LOISIRS / PROFESSION
Tu auras l’impression en arrivant à Buenos Aires d’être un gros/se nul/le. C’est normal, à les entendre tu as l’impression que tout le monde
– est multi-casquette,
– étudie 2  filières universitaires à la fois : genre droit + psycho ou histoire + psycho (beaucoup de psycho toujours, ça fera l’objet d’un prochain billet)

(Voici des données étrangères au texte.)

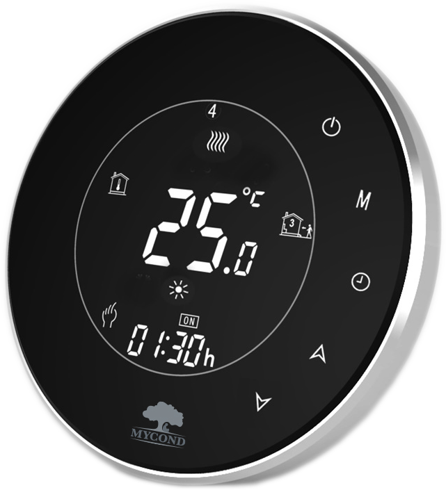 Терморегулятор MYCOND ORB Heat - незаменимый элемент для энергоэффективного отопления дома. С его помощью выбираются почасово экономные температурные режимы и программируется недельный график работы системы электрокабельного обогрева, чем достигается максимальная экономия расходов (более 30%) на обогрев дома. Снижение затрат достигается также за счет выгодного экономного режима, на который переходит система отопления, когда никого нет дома.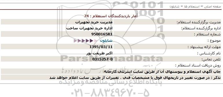 اداره برگزارکننده استعلام:     اداره خرید تجهیزات ساخت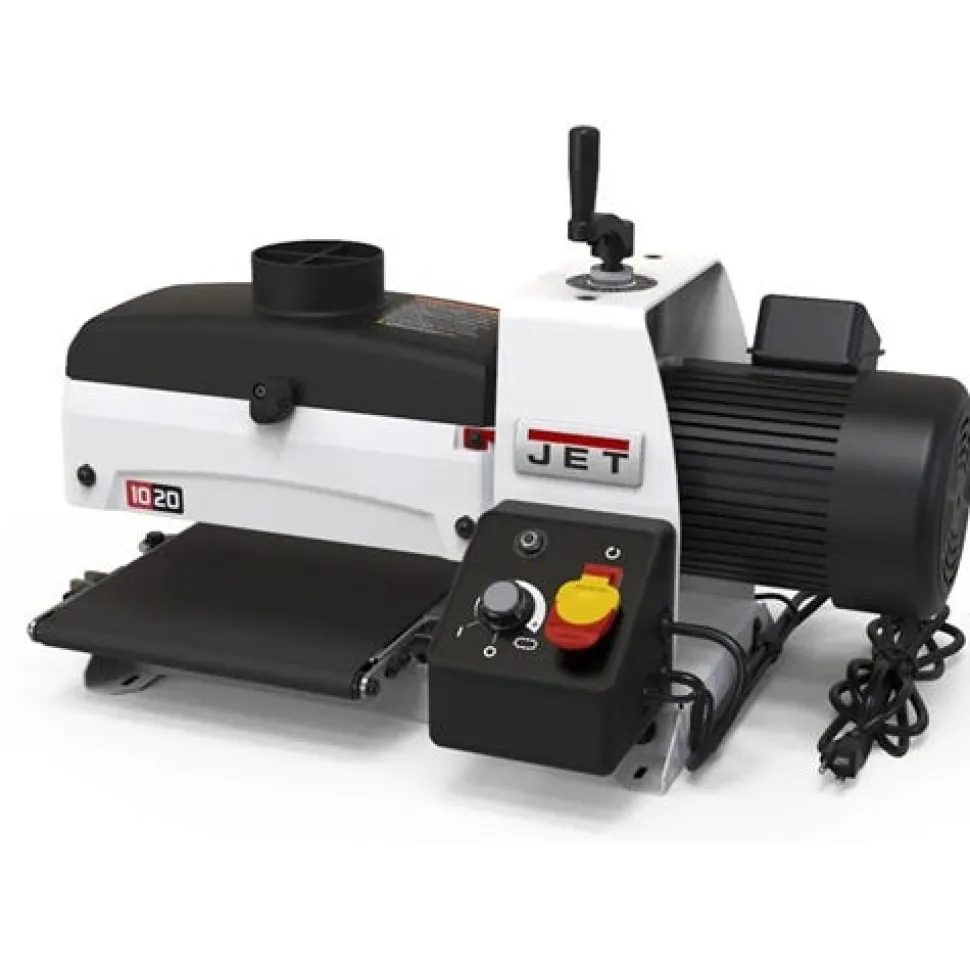 The compact JWDS-1020 benchtop sander from JET packs a powerful 1HP motor that will sand boards up to 3 thick and 20″ wide. The innovative patented dust hood ensures dust is funneled to the 4 inch dust port that easily connects to a Dust Collector. Adjusting the table back to parallel is convenient with just the turn of a dial. The self-cooling extruded aluminum sanding drum protects the sanding surface from heat damage; preventing waste.

– a 2 métiers : agent d’assurances + photographe, chef + réalisateur de ciné.
– a plusieurs talents dont il semble vivre : « soy fotografo y guitarista » ou « soy profe de yoga y actriz… »
Tu te diras du coup que tu n’es finalement qu’un gros naze à n’avoir étudié que la mécanique, que l’hôtellerie ou que les sciences. Même en cherchant bien tu ne te souviendras plus de  la dernière fois où tu as exercé un quelconque talent artistique (la vidéo pourrie que tu as réalisée au mariage de ton cousin ne compte pas, non). Tu comptes d’ailleurs bientôt faire un procès à tes parents. C’est vrai quoi, ils auraient dû te mettre à l’école du cirque, à la guitare et en cours d’art plastique tout en même temps  dès 6 ans et tu serais peut être arrivé/e à la cheville des Argentins, ces surdoués de la life. Alors je t’arrête tout de suite, halte-là l’auto-lynchage, reprenons du début.
– Soy fotografo = je suis photographe = j’aime prendre des photos et j’ai un appareil qui va bien. A ne pas confondre avec la version française : je suis photographe et j’en vis. Tu vois la nuance ? En France on relie l’art à l’argent et à sa capacité à remplir son frigo. En Argentine on revendique un goût pour un art et on le fait sien. Dans beaucoup de cas, la seule fois que le soit-disant photographe a vendu donné une de ses « œuvres », c’était pour le journal du lycée, tu vois le délire ? Bon j’exagère un brin peut-être mais l’idée est là quand même. En plus, par chance, la part de subjectivité est quand même énorme en photo, un peu de chamuyo et on te fait croire que tu parles à un/e avant-gardiste.  
– Soy guitarista
= je suis guitariste. Là encore, on parle de loisirs. Comprendre, à 90% de probabilité : je joue avec mes potes du lycée tous les samedis après midi et on fait 5 dates par an (pour les anniversaires des gars du groupe)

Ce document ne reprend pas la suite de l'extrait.